We have multiple opportunities to help our parks, just do it

by Doug Pizzi

On June 17th, the Baker Administration announced a plan to spend $2.8 billion of the state’s $5.3 billion in federal COVID-19 relief funding, including a sorely needed $100 million on state park infrastructure. Proving the Legislature can act extremely quickly when it wants to, 11 days later Gov. Charlie Baker signed a bill scrapping his plan and putting $4.9 billion of the relief funds into a special account legislators will control. Lawmakers will eventually dole this money out, perhaps with, perhaps without input from the governor, but have promised a public hearing process to inform spending decisions.

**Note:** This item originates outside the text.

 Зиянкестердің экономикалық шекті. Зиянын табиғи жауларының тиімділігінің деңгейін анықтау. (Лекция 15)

MCV was solidly with the Administration’s plan to spend the $100 million on park infrastructure as a good down payment to reverse decades of not so benign neglect of our vitally needed, historic state park system. We also suggested that Baker steer some of the federal money from other categories he outlined, an additional $740 million in all, to our parks system. The parks and the agency that runs them, the Department of Conservation and Recreation (DCR), could absolutely benefit from spending on workforce development, cultural and tourism programs, broadband networks, as well as water, sewer, dam, and culvert improvements.

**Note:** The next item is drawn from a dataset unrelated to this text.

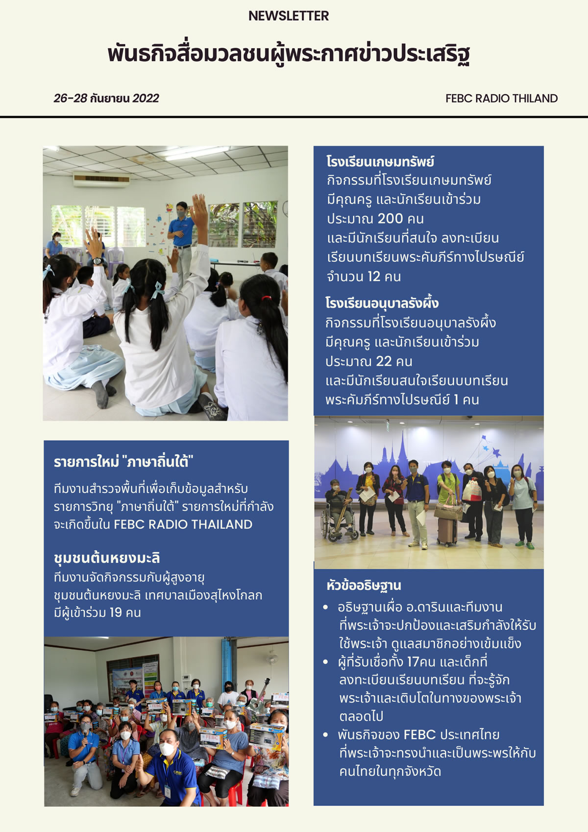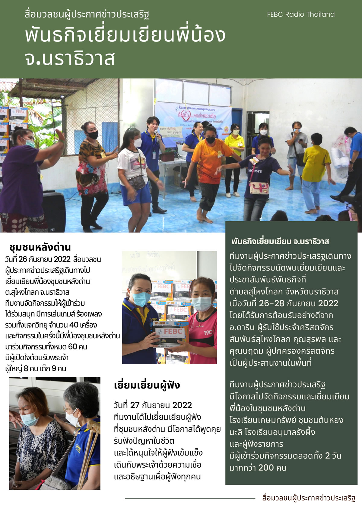 พันธกิจการเยี่ยมเยียนพี่น้องในจังหวัดนราธิวาส วันที่ 26-28 กันยายน 2022 โดยทีมงานผู้ประกาศข่าวประเสริฐ

Now that the Legislature has put itself squarely in the driver’s seat, we would urge lawmakers to work with the governor to spend this money wisely but quickly. The task of restoring our park system was urgent before the pandemic and is clearly more urgent now because the increased demand on DCR facilities the pandemic brought is not going away any time soon, if ever. Baker himself chided legislators to follow his lead on this, especially as it concerns underserved populations and regions of the state when he willingly signed the bill that put his initial plan into the round file.

Meanwhile, the Legislative Special Commission on DCR continues to meet. MCV hopes that as the Special Commission continues its deliberations, including evaluating public comments, that commissioners, the Legislature, and the Administration consider DCR’s vast holdings and responsibilities and take seriously the task of reversing the decades long process of the dismantling of our state park system.

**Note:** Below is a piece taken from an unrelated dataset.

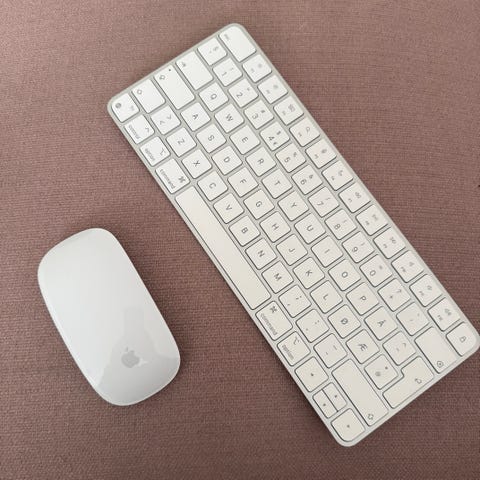 Apple Magic Keyboard og Magic Trackpad trådløst tastatur og styreflate i hvit farge. Tastaturet har lav profil med taster i full størrelse og integrerte funksjonstaster på øverste rad. Trackpaden har glatt berøringsflate tilpasset flerberøringsbevegelser.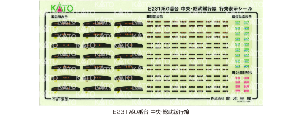 ?基本セットに行先表示シール付属。行先表示、前面編成番号札のほか、女性専用車表示、優先席表示を収録。

Perhaps no other statistic tells that tale more than the fact that in FY 2020, even after a significant increase, the DCR Parks and Recreation Operations account (2810-0100) was still more than $3.0 million short of what DCR had to spend in FY 2009. The Great Recession and its aftermath also saw DCR’s staff shrink to an unacceptable level, from 1,279 full-time equivalents in 2008 to 892 FTE’s today.

Adding insult to injury, as operating funds disappeared, the Legislature and successive gubernatorial administrations put significantly more pressure on DCR to increase user fees and other charges related to leases, concessions, and other non-tax dollar income. So as operating funds shrank, the money the powers that be asked DCR to raise itself more than doubled. In FY 2009, DCR brought nearly $12 million into its Retained Revenue account. The FY 2022 budget, now in a legislative conference committee, will in all likelihood ask DCR to find $25.8 million in Retained Revenue.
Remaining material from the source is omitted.